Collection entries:

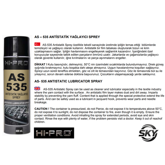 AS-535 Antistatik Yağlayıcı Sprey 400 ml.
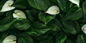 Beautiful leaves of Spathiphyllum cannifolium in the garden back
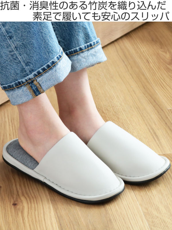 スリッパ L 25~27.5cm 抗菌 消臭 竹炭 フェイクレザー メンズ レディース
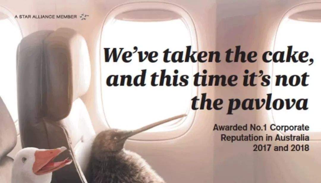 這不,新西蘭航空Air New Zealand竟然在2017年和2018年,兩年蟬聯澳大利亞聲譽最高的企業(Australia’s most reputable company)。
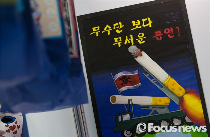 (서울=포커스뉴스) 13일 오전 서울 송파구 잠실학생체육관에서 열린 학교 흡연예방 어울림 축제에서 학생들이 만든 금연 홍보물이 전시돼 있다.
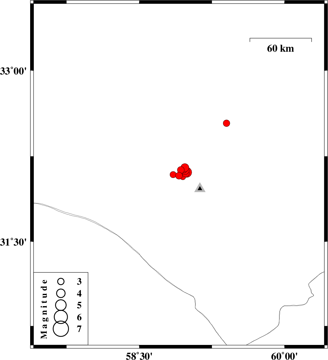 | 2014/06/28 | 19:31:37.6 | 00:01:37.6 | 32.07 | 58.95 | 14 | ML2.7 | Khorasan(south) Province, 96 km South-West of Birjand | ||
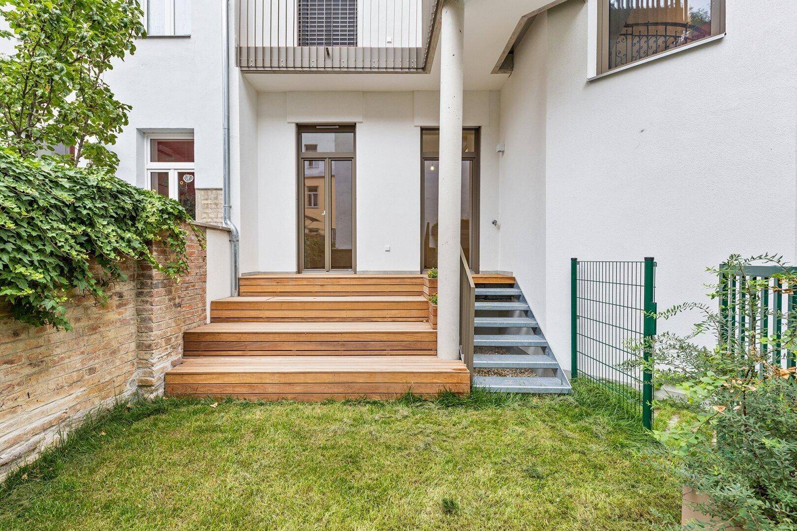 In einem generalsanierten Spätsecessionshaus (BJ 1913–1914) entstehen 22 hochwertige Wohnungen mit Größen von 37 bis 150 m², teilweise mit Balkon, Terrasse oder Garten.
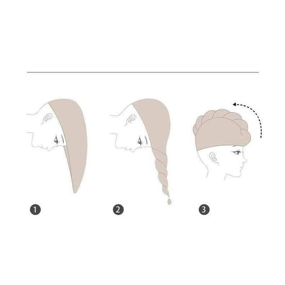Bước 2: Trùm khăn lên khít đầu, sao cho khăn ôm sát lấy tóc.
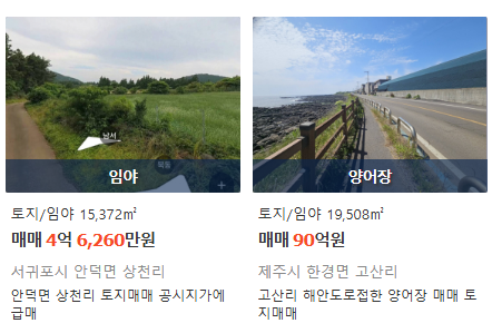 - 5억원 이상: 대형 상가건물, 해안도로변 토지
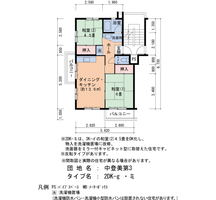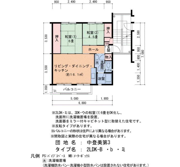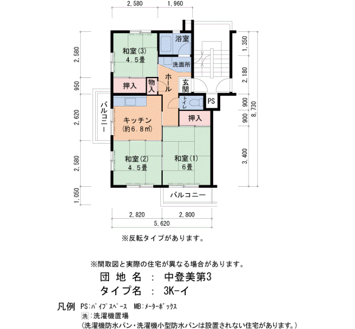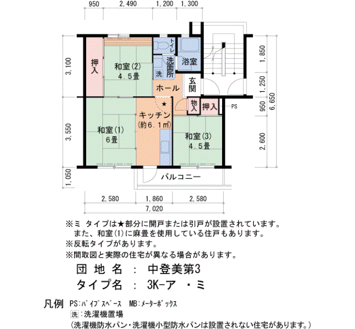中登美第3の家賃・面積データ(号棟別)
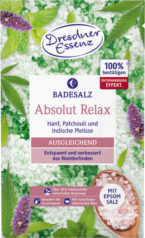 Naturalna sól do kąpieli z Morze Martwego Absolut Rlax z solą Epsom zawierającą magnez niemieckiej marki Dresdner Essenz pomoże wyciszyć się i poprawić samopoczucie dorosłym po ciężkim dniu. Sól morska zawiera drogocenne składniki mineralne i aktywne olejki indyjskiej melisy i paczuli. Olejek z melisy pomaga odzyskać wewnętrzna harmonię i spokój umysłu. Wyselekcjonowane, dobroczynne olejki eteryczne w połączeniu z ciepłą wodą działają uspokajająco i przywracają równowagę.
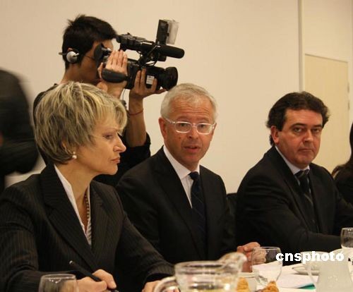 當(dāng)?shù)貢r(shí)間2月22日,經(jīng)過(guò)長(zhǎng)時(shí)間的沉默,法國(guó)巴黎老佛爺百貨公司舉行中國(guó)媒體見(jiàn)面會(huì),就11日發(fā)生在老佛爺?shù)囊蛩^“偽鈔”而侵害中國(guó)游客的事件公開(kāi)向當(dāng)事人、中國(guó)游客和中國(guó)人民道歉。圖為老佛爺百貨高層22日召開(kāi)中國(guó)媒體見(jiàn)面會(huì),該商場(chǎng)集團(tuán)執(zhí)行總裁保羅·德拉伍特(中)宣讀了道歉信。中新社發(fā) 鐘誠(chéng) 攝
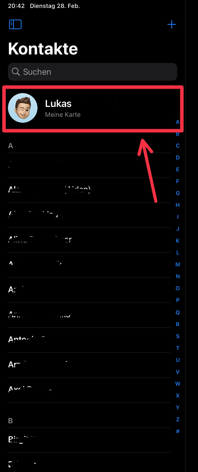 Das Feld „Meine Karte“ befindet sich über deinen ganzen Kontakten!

> _What the task asks_
Retype, exactly and only, the lines from the one containing "- 5억원 이상: 대형 상가건물, 해안도로변 토지" through the end of the entries, both ends included, and omit all pictures.

> _The answer_
 - 5억원 이상: 대형 상가건물, 해안도로변 토지
中登美第3の家賃・面積データ(号棟別)
 Naturalna sól do kąpieli z Morze Martwego Absolut Rlax z solą Epsom zawierającą magnez niemieckiej marki Dresdner Essenz pomoże wyciszyć się i poprawić samopoczucie dorosłym po ciężkim dniu. Sól morska zawiera drogocenne składniki mineralne i aktywne olejki indyjskiej melisy i paczuli. Olejek z melisy pomaga odzyskać wewnętrzna harmonię i spokój umysłu. Wyselekcjonowane, dobroczynne olejki eteryczne w połączeniu z ciepłą wodą działają uspokajająco i przywracają równowagę.
 當(dāng)?shù)貢r(shí)間2月22日,經(jīng)過(guò)長(zhǎng)時(shí)間的沉默,法國(guó)巴黎老佛爺百貨公司舉行中國(guó)媒體見(jiàn)面會(huì),就11日發(fā)生在老佛爺?shù)囊蛩^“偽鈔”而侵害中國(guó)游客的事件公開(kāi)向當(dāng)事人、中國(guó)游客和中國(guó)人民道歉。圖為老佛爺百貨高層22日召開(kāi)中國(guó)媒體見(jiàn)面會(huì),該商場(chǎng)集團(tuán)執(zhí)行總裁保羅·德拉伍特(中)宣讀了道歉信。中新社發(fā) 鐘誠(chéng) 攝
 Das Feld „Meine Karte“ befindet sich über deinen ganzen Kontakten!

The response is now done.